There are a few lessons from Cherry that are important to the ecosystem now, given the sheer number of startups leveraging mobile to create new marketplaces, such as Postmates, Exec, Lyft, Sidecar, Task Rabbit, Zaarly, Instacart, Swig.me, and so many others:
- Utility: I ordered a Cherry carwash a handful of times. In those instances, it was worth it to me. The service provided utility and convenience, and I along with many others were willing to pay for that utility.
- Margins: Venture-scale businesses need to have tremendous leverage in their business models. Consider the crown jewel: Google Adwords. Each entry into Google Search is like a micro eBay auction, which stuffs Google’s pockets with about $100m of revenue — per day. That is leverage. By contrast, organizing excess labor supply, training that labor, supplying it with materials, and baking in transportation time, the margins that can be extracted from these mobile-to-offline marketplaces start to get compressed. Consider the online payments industry, where the fees processors make are so slim, they need tremendous volume to get to real profits. But, online payments can scale across the web with less friction than services like Cherry, which would have to expand their footprint in the real world. much like Uber has done (and doesn’t get enough credit for).

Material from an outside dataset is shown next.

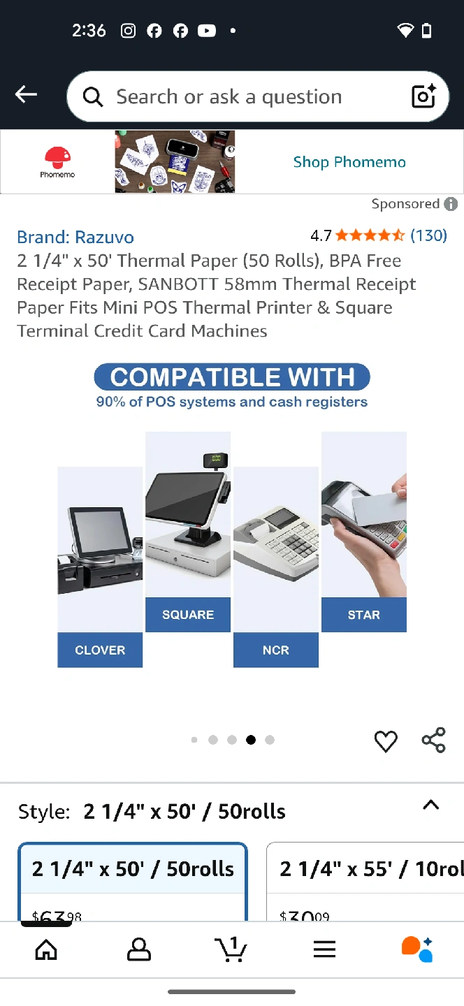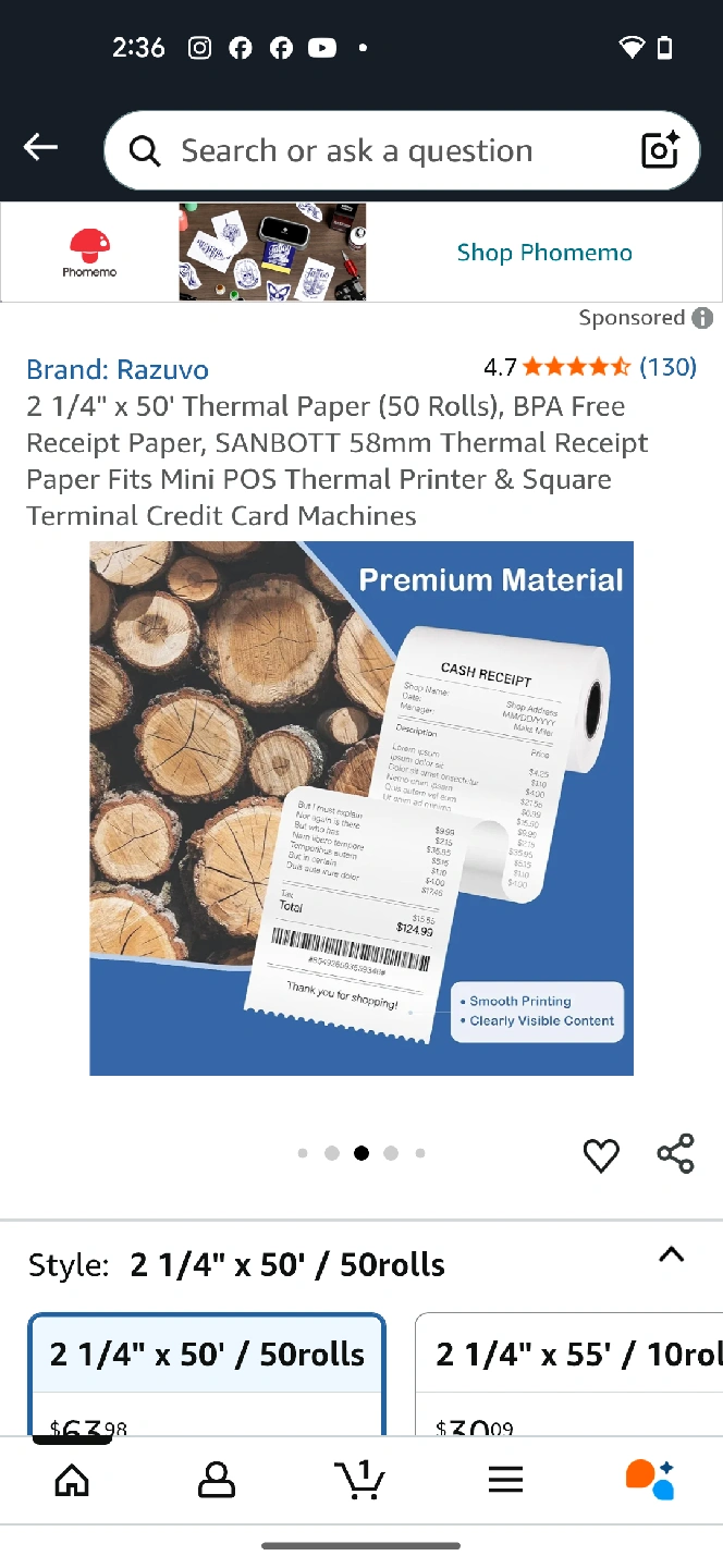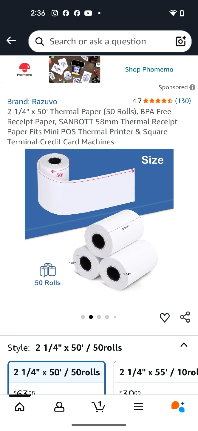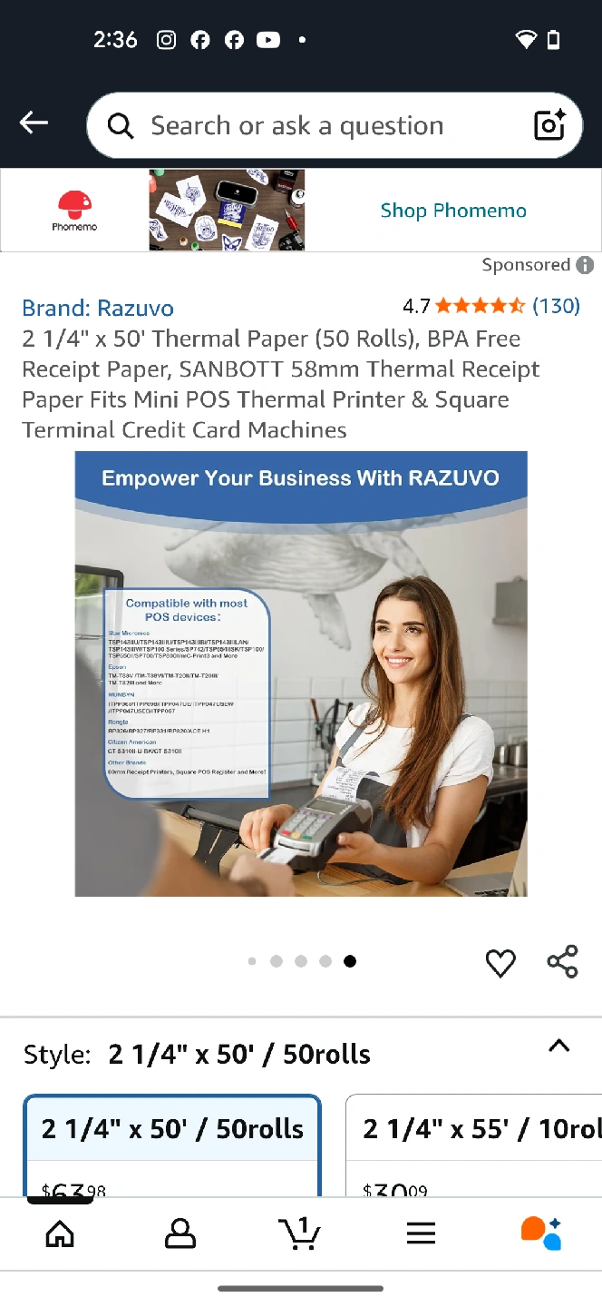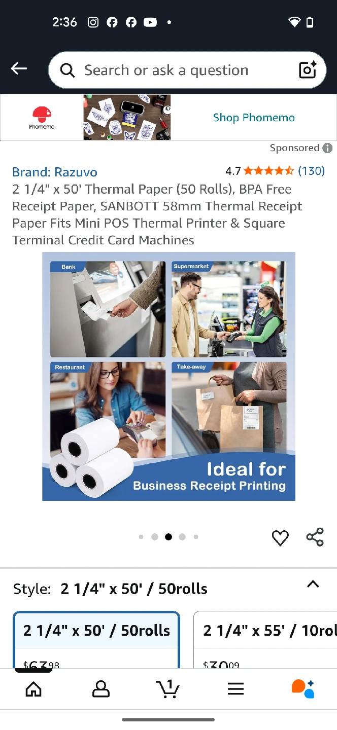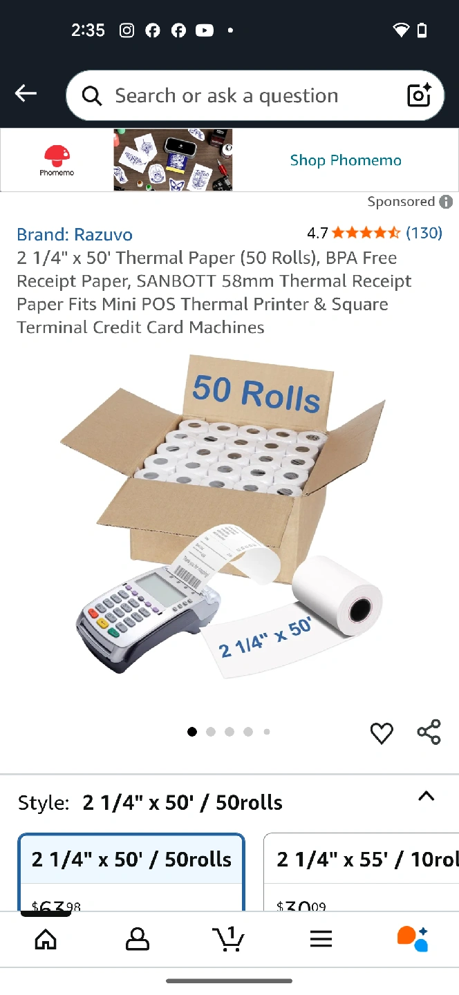 Selling a box of Razuvo thermal paper rolls. These are 2 1/4" x 50' in size and come with 50 rolls in the box. They're BPA-free and fit SANBOTT 58mm thermal printers and Square terminal credit card machines. Ideal for business receipt printing!

- Scaling: What if Cherry worked so well in the Bay Area, they were ready to expand geographically? My sense is that in Silicon Valley, people oftentimes think “offline scaling” is somewhat similar to “online scaling.” Of course, it’s much harder (and expensive, and time-consuming) to scale offline. As I mentioned Uber, each of these companies would need to build a playbook in their test market (the Bay Area), and then have a plan to expand their platforms while maintaining quality. This takes serious time and effort. It took decades for Starbucks to get its footprint, right? Companies that are at this inflection point, such as Lyft, for instance, would need serious venture capital or their own profits to reinvest in this type of expansion.
It’s easy to mock Cherry as a small idea, but I give them credit. They went out, delivered a service, and while there were some hiccups, their shutdown creates a learning opportunity for the ecosystem which is especially timely given the companies I’ve mentioned above, and the venture capital (and time) needed to make these things spread offline with real margins.